The Bottleneck Birthday Problem
Chijul B. Tripathy
TL;DR
The paper studies the Bottleneck Birthday Problem, seeking the largest group size n that keeps the maximum daily count of birthdays at or below r with probability at least 1/2. It develops and analyzes multiple exact recurrences for computing P(m,n,r), including one-day-at-a-time, counting-based, restricted-Stirling-number-based, and direct probability recurrences, each with distinct space-time tradeoffs.
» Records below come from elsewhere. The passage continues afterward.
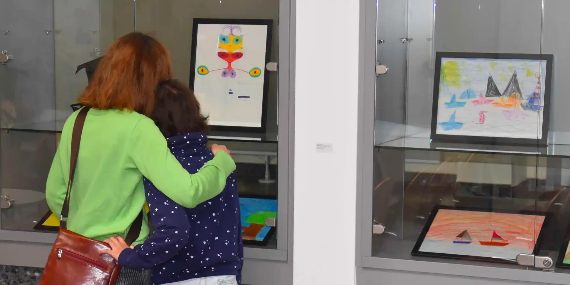 In den Glasvitrinen sind Bilder und Objekte ausgestellt, die die Themen der Kurse aufnehmen und wiedergeben. Jedes Bild, das aus Imagination und Emotionen entstanden ist, ist eine ganz individuelles Kinder-Kunst-Werk.
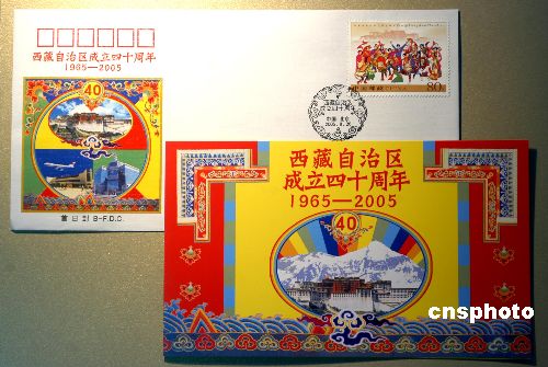圖:“西藏自治區成立四十周年”紀念郵品發行
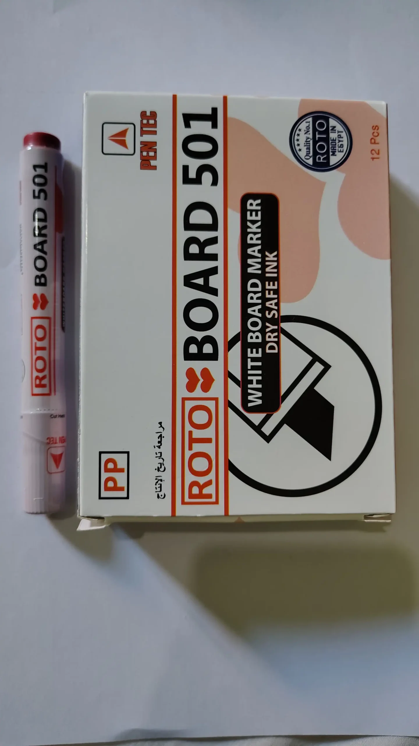 قلم سبوره روتو 501 لون احمر للكتابه الواضحه على السبوره البيضاء ويمسح بسهولة بدون اثر، مناسب للاستخدام اليومي في المدارس والمكاتب داخل مصر.
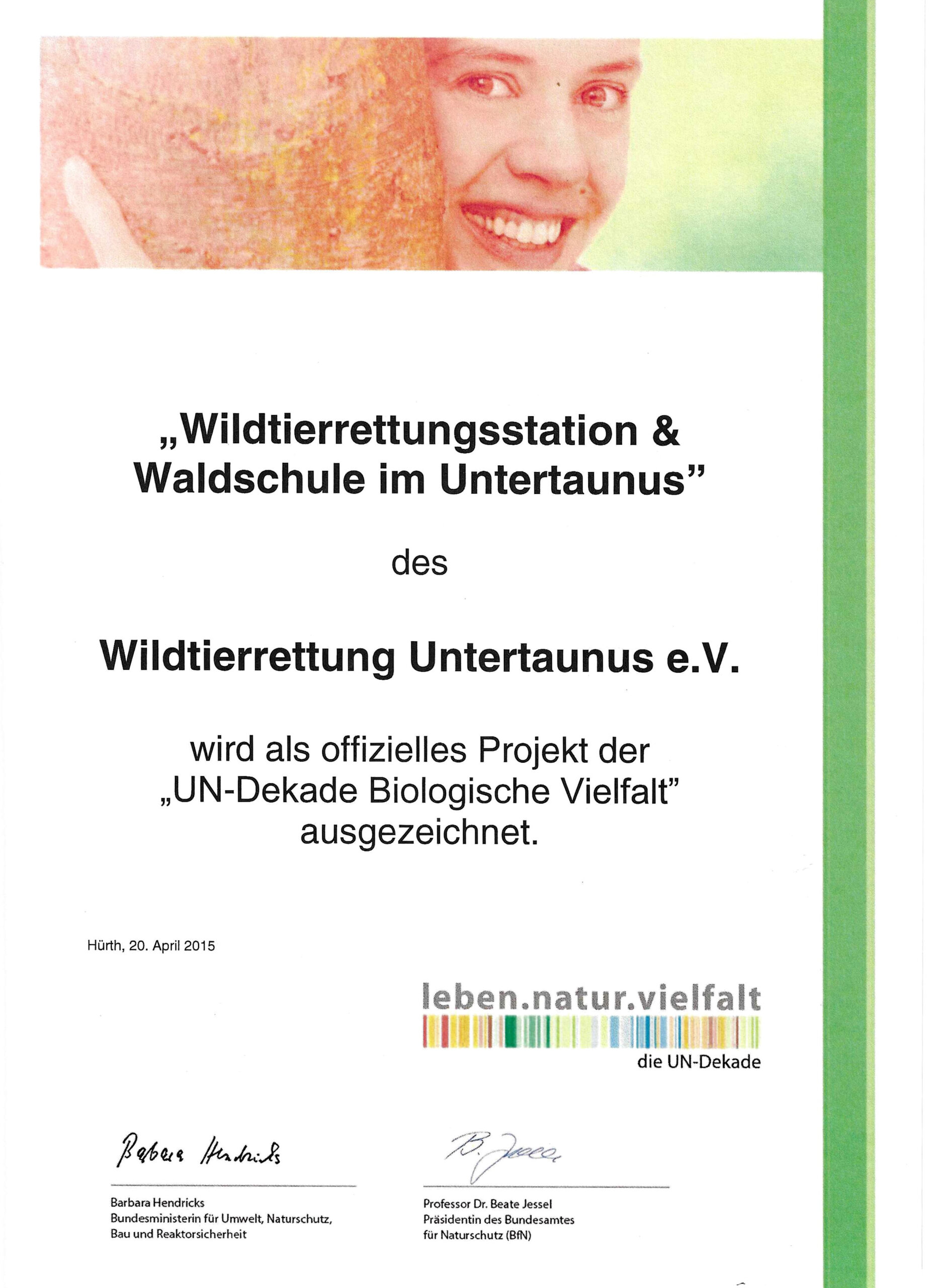 - Auszeichnung UN Dekade 2015

The authors implement these recurrences with arbitrary-precision arithmetic and compare their performance, highlighting the direct probability recurrence as the most efficient for probability evaluation and the counting approaches for structural insight. The results have practical relevance to hashing, load balancing, and resource allocation, and the work outlines directions for extending BBP to non-uniform distributions and higher-dimensional settings.
Abstract
We introduce a fun problem that can be considered as a variant of the classic birthday problem, the Bottleneck Birthday Problem (BBP). It is stated as: what is the maximum number of people we have to choose so that no day of the year has more than $r \geq 1$ birthdays incident on it with probability at least 1/2? We provide a survey of techniques used in the literature on occupancy and load balancing problems to derive recurrence relations for exact computation of the probability and the number of people, keeping probability fixed at a threshold. Further, we show that restricted Stirling numbers of the second kind can be used to derive an additional recurrence, in a novel way. We provide numerical results from an implementation of the recurrences.